:: ASSIGNMENT ::
From the first line to the last, transcribe the data exactly and skip the pictures.

:: GIVEN ENTRIES ::
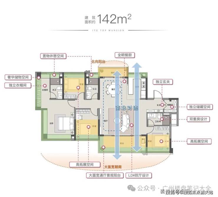 【142㎡南北通透四房】广州主城芯,一步到位住园景四房,南北通透对流,宽敞通透尺度!
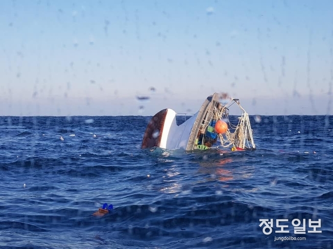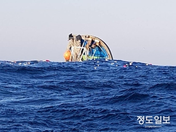 16시 30분 현재, A호는 선수 일부만 남겨놓고 전복되어 해상에 표류중인 상태이다.
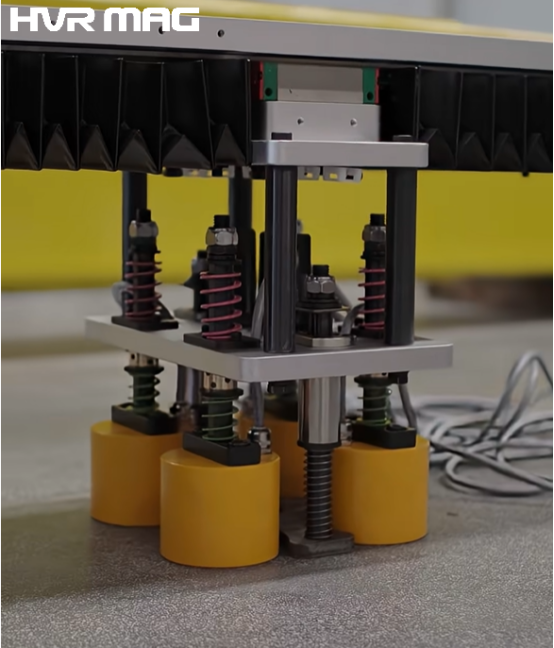Electro-permanent technology brings practical energy advantages. The magnets consume power only during magnetization and demagnetization, while the holding force remains stable without continuous electricity. This feature supports efficient operation and improves process safety. When paired with programmed gantry movements, the system achieves repeatable pick-and-place cycles and consistent positioning accuracy.
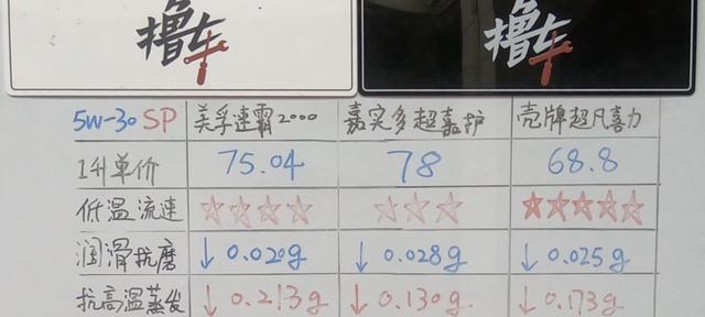高温蒸发最少的是嘉士多超嘉护,仅蒸发了0.13克。其次是壳牌超凡喜力,蒸发了0.173克。蒸发最多的是美孚速霸2000,蒸发了0.213克。
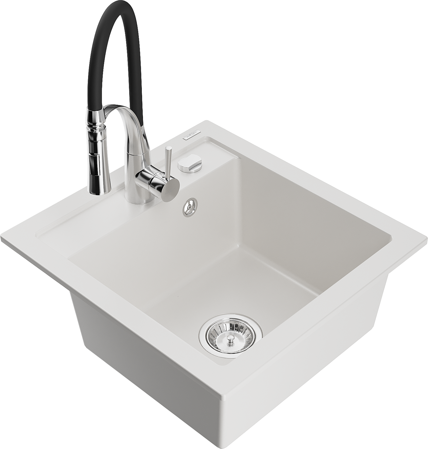Mexen Vito granitový dřez s 1 komorou a kuchyňskou baterií Aster, bílý - 6503-20-73450-07
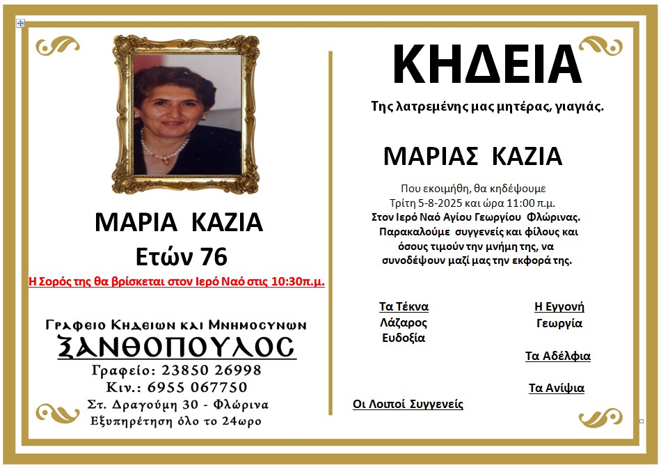 ΚοινωνικάΚηδεία της Μαρίας Καζία, ετών 76 Δευτέρα 4 Αυγούστου, 2025 19:59 florinapress.gr SHARE Ίσως να ενδιαφέρει ... Κηδεία του Σωτήριου Πέιου Κηδεία του Θωμά Τσώτσου, ετών 57 Κηδεία του Νικολάου Δημητριάδη, ετών 84 Κηδεία της Βικτωρίας Καλπάκα Κηδεία του Γεωργίου Μπραγιάννη, ετών 56 Share Ακολουθήστε μας8.4kFollowersLikeΤελευταία νέα Αγανακτισμένοι αγρότες : Ως εδώ, η κατάσταση δεν πάει άλλο Κοινωνία Πέμπτη 4 Δεκεμβρίου, 2025 Επισκέψεις Κινητών Μονάδων Υγείας σε απομακρυσμένες Κοινότητες του Δήμου Αμυνταίου Κοινωνία Πέμπτη 4 Δεκεμβρίου, 2025 Ευχαριστήρια επιστολή του Πειραματικού Σχολείου Φλώρινας προς το Κέντρο Περιβαλλοντικής Εκπαίδευσης & Αειφορίας Μελίτης Κοινωνία Πέμπτη 4 Δεκεμβρίου, 2025 Πωλείται Γερμανικός λέβητας ξύλου Κοινωνία Πέμπτη 4 Δεκεμβρίου, 2025
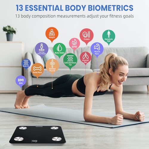 BAGAIL Smart Scale for Body Weight, Digital Bathroom Scale for BMI Weighing Body Fat, Body Composition Monitor Health Analyzer with Smartphone App, 400lbs/180KG -Black
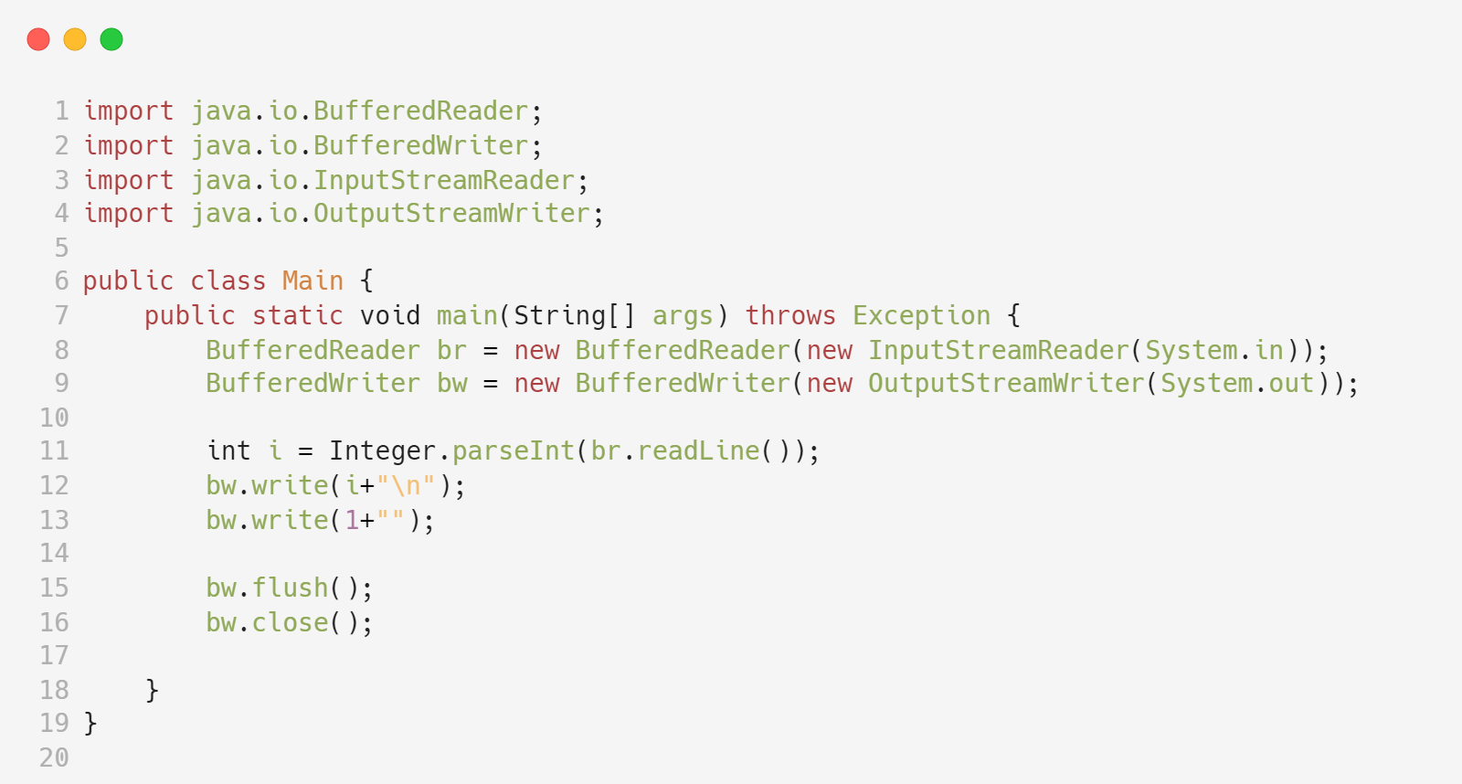 오늘도 서준이는 알고리즘의 수행시간 수업 조교를 하고 있다. 아빠가 수업한 내용을 학생들이 잘 이해했는지 문제를 통해서 확인해보자. 입력의 크기 n이 주어지면 MenOfPassion 알고리즘 수행 시
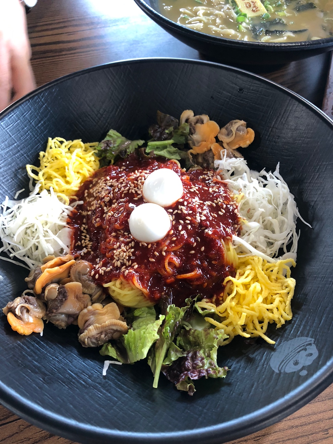 꼬막비빔국수는 부족할까 봐 급히 넣어서 먹었는데 새콤하니 맛있었습니다. 그래도 배말칼국수 승! 저는 인원이 많아서 다양하게 시켜볼 수 있었는데요 한두 개만 시켜야 한다면 배말칼국수를 꼭 시킬 것 같으니 참고해 주세요. ㅎㅎ
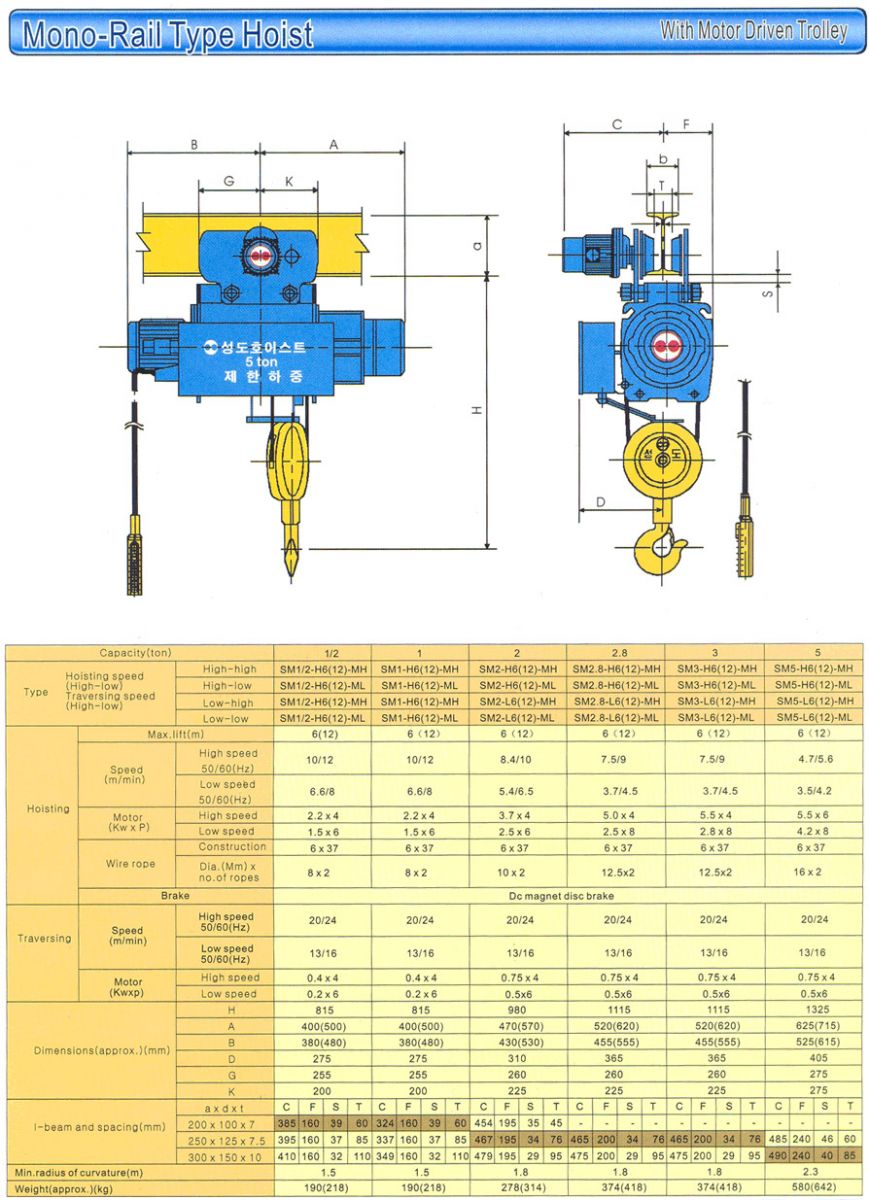 THÔNG TIN SẢN PHẨM : Palang Sungdo dầm đơn. Là loại palang thông dụng hiện nay. Palang này sử dụng cho cầu trục dầm đơn có tải trọng và khẩu độ nhỏ.

:: EXPECTED OUTPUT ::
 【142㎡南北通透四房】广州主城芯,一步到位住园景四房,南北通透对流,宽敞通透尺度!
 16시 30분 현재, A호는 선수 일부만 남겨놓고 전복되어 해상에 표류중인 상태이다.
Electro-permanent technology brings practical energy advantages. The magnets consume power only during magnetization and demagnetization, while the holding force remains stable without continuous electricity. This feature supports efficient operation and improves process safety. When paired with programmed gantry movements, the system achieves repeatable pick-and-place cycles and consistent positioning accuracy.
高温蒸发最少的是嘉士多超嘉护,仅蒸发了0.13克。其次是壳牌超凡喜力,蒸发了0.173克。蒸发最多的是美孚速霸2000,蒸发了0.213克。
Mexen Vito granitový dřez s 1 komorou a kuchyňskou baterií Aster, bílý - 6503-20-73450-07
 ΚοινωνικάΚηδεία της Μαρίας Καζία, ετών 76 Δευτέρα 4 Αυγούστου, 2025 19:59 florinapress.gr SHARE Ίσως να ενδιαφέρει ... Κηδεία του Σωτήριου Πέιου Κηδεία του Θωμά Τσώτσου, ετών 57 Κηδεία του Νικολάου Δημητριάδη, ετών 84 Κηδεία της Βικτωρίας Καλπάκα Κηδεία του Γεωργίου Μπραγιάννη, ετών 56 Share Ακολουθήστε μας8.4kFollowersLikeΤελευταία νέα Αγανακτισμένοι αγρότες : Ως εδώ, η κατάσταση δεν πάει άλλο Κοινωνία Πέμπτη 4 Δεκεμβρίου, 2025 Επισκέψεις Κινητών Μονάδων Υγείας σε απομακρυσμένες Κοινότητες του Δήμου Αμυνταίου Κοινωνία Πέμπτη 4 Δεκεμβρίου, 2025 Ευχαριστήρια επιστολή του Πειραματικού Σχολείου Φλώρινας προς το Κέντρο Περιβαλλοντικής Εκπαίδευσης & Αειφορίας Μελίτης Κοινωνία Πέμπτη 4 Δεκεμβρίου, 2025 Πωλείται Γερμανικός λέβητας ξύλου Κοινωνία Πέμπτη 4 Δεκεμβρίου, 2025
 BAGAIL Smart Scale for Body Weight, Digital Bathroom Scale for BMI Weighing Body Fat, Body Composition Monitor Health Analyzer with Smartphone App, 400lbs/180KG -Black
 오늘도 서준이는 알고리즘의 수행시간 수업 조교를 하고 있다. 아빠가 수업한 내용을 학생들이 잘 이해했는지 문제를 통해서 확인해보자. 입력의 크기 n이 주어지면 MenOfPassion 알고리즘 수행 시
 꼬막비빔국수는 부족할까 봐 급히 넣어서 먹었는데 새콤하니 맛있었습니다. 그래도 배말칼국수 승! 저는 인원이 많아서 다양하게 시켜볼 수 있었는데요 한두 개만 시켜야 한다면 배말칼국수를 꼭 시킬 것 같으니 참고해 주세요. ㅎㅎ
 THÔNG TIN SẢN PHẨM : Palang Sungdo dầm đơn. Là loại palang thông dụng hiện nay. Palang này sử dụng cho cầu trục dầm đơn có tải trọng và khẩu độ nhỏ.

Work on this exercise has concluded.